#### WORK TO BE COMPLETED:
Where the listing below reaches the line containing "首先我们执行run app.package.list 列出设备中所有安装的应用程序", start writing out lines exactly, and stop once the line containing "A shared bicycle" has been written.

#### INFORMATION PROVIDED:
··········

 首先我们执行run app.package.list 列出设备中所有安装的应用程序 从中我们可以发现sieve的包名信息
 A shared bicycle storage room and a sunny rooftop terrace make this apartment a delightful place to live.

··········

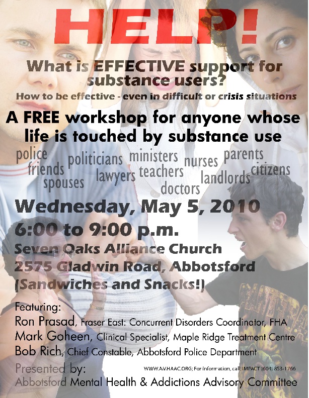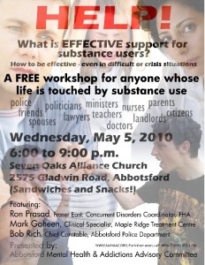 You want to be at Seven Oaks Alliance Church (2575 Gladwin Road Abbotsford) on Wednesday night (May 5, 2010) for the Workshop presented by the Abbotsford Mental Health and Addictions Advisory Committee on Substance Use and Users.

··········

#### ANSWER SPACE:
 首先我们执行run app.package.list 列出设备中所有安装的应用程序 从中我们可以发现sieve的包名信息
 A shared bicycle storage room and a sunny rooftop terrace make this apartment a delightful place to live.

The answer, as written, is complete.